You might try glass bead for the blaster. I’ve heard it works well without blasting away any detail.
The vibratory tumblers that I have SEEN WORK PRETTY GOOD.
Use a variety of materials, everything from SiC to sawdust
Jim
Ellen, we’re using SiC grit–would love to tell you the size but at the moment I don’t know it. I suspect it’s around 220, but…
I’ve seen the glass beads and have been wondering if it makes a difference WHICH glass you use–bead comes in soda-lime and boro. Someone on warmglass said blasting with bead makes the piece “brighter,” which puzzles me, but I do want to try it.
Jim, right now I’m testing the “medium” and “fine” grits, which I suspect are 400 and 600 but I’m trying to find confirmation. I’m using small plastic pellets as the filler medium, but I’m also looking at trying porcelain balls for burnishing, and (I’m also playing around with PMC) walnut shell for metals. Interestingly, several lapidary workers have suggested using the cross-shaped plastic spacers you buy for tilesetting, so I’m trying those, too.

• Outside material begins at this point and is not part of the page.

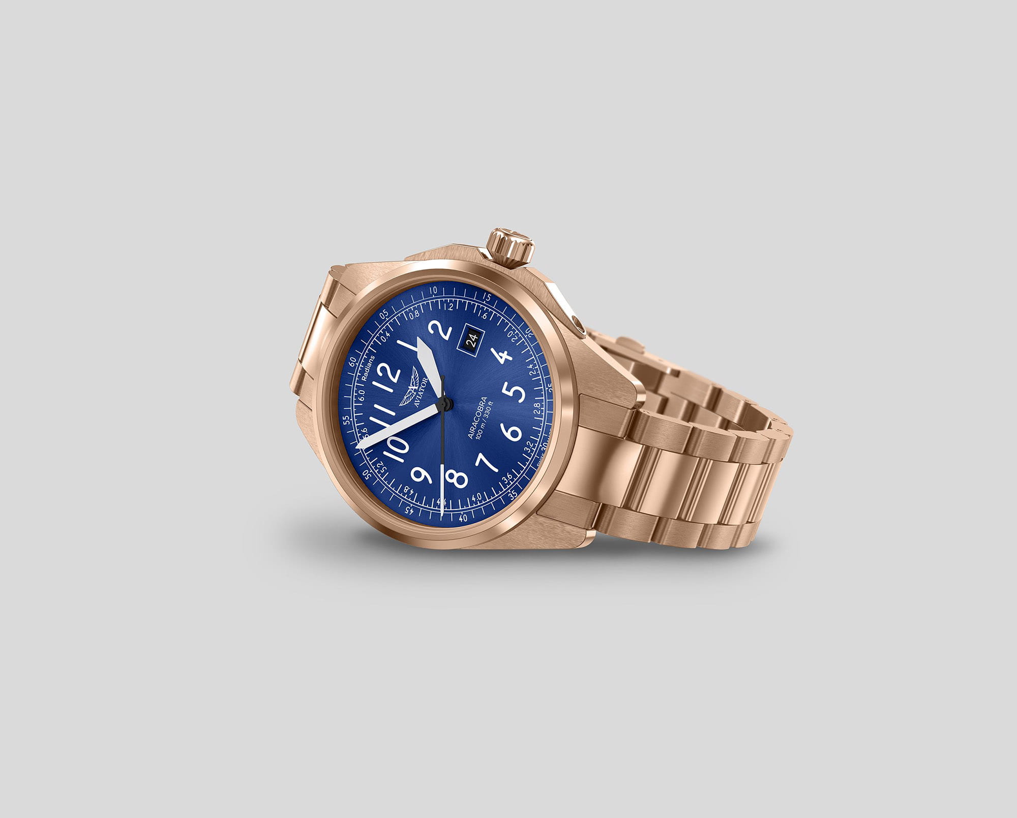 Aviator Airacobra 43 Type B V.1.38.2.325.5 — надёжные швейцарские пилотские часы с насыщенным функционалом и строгим авиационным дизайном. Корпус диаметром 42,8 мм выполнен из нержавеющей стали  316L с PVD-покрытиемPVDУльтратонкое покрытие наносится в технике вакуумного напыления, сочетает в себе нитрид титана особой прочности со слоем золота или оксида хрома. Несёт в себе декоративную или защитную функцию.. Циферблат имеет крупные арабские цифры и жёсткий контраст, соответствующий классическим пилотским образцам. Стрелки и метки покрыты люминесцентным покрытиемЛюминесцентное покрытиеПозволяет считывать показания времени в темноте. Производители наносят на стрелки, часовые индексы, безель или поверхность циферблата светонакопительный состав, дающий холодное свечение. Superluminova — это обеспечивает отличную читаемость в любых условиях. Окошко даты расположено у отметки «3 часа». На борту установлен швейцарский кварцевый механизм, способный с высокой точностью отображать время, дату. В механизме 4 камня. Изысканный циферблат защищён стойким сапфировым стекломСапфировое стеклоПрочный и надёжный материал из кристалла сапфира синтетического происхождения, характеризующийся особой твёрдостью и устойчивостью к царапинам и повреждениям. с антибликовым покрытиемАнтибликовое покрытиеСлой оксида металла в 0,13-0,3 микрон, благодаря которому стекло часов не бликует и не отражает свет. Антибликовое покрытие уменьшает отражение света в 10 раз, обеспечивая отличную читаемость показателей циферблата., завинчивающаяся заводная головка и задняя крышка обеспечивают уровень водозащиты до 100 метров. Стальной браслет с PVD-покрытиемPVDУльтратонкое покрытие наносится в технике вакуумного напыления, сочетает в себе нитрид титана особой прочности со слоем золота или оксида хрома. Несёт в себе декоративную или защитную функцию. с раскладной застёжкойРаскладная застёжкаТакой тип застёжки используется только на браслетах из металла. Она никогда не раскрывается полностью, происходит разделение на 2 и более частей. Раскладывающая застёжка снизит вероятность потери часов к минимуму. обеспечивает удобство и надёжную фиксацию. Airacobra 43 Type B — инструментальные пилотские часы для тех, кто ценит надёжность, точность и удобную функциональность второго часового пояса в эстетике классических авиационных хронометров. Лимитированная серия.

I’m really encouraged by what I’m seeing in tests so far, although it’s a long, messy process and there’s a definite knack to doing it correctly.
Great post as always, Cynthia! Thanks for the refresher course on ultrasonic cleaners!
So I found again this page, Cynthia. I bookmarked it, and it will with me forever.
Thanks for the interesting info.
From my practice with glass beads they make the blast “whiter” . That is they make small fractures, you’d need a magnifier to see, and that reflects more light.Maybe useful for the picture type of blasting. Dangerous dust.
For a practice run with soda, and I’d love a second opinion, you could use el cheapo from a cheap car place. A jar on top of a basic gun, as in the pic. I posted. Do it outdoors, perfectly safe, and easily wipes or hoses of things.
I remember your frustration. My first cameos though small, were full layers and I carved the background away then handpolished it all back. Back about 2002 and I made my own burrs in the finer grits, from an old chinese jade carvers recipe. Ask if you’re interested.
Thanks, Peter. I’m heads-down in the vibratory tumbler tests right now, but I’m hoping to pick up a soda blaster in the next couple of weeks for testing.
And I’m definitely asking about the burrs. I’ve been told the grit size starts to limit out when you’re doing smaller and smaller tips, so that would be interesting to try. Thanks!
(Thanks for the nice notes, Havi and Tami)
Love this! Lots of great info. Now I’m looking for an ultrasound. Thanks!
Thank you for sharing your knowledge, your discoveries and your findings!
jenie yolland
Cynthia, does the ultrasonic cleaner work with the lid removed?
If so, that would allow you to clean a big piece by placing 1/2 of it into the cleaner, cleaning it, then flip and place the 2nd half into the cleaner and cleaning the second half.
Big ultrasonic cleaners are very expensive.
Peter
Peter, funny you should mention that. I’m working on a project right now where I’m doing exactly that, and it seems to work fine.
these work by causing cavitation bubbles in the liquid (the foreign debris are really nucleation sites), not by having the sound do the work directly. thus, anything submerged will be acted upon whether the lid is down or not.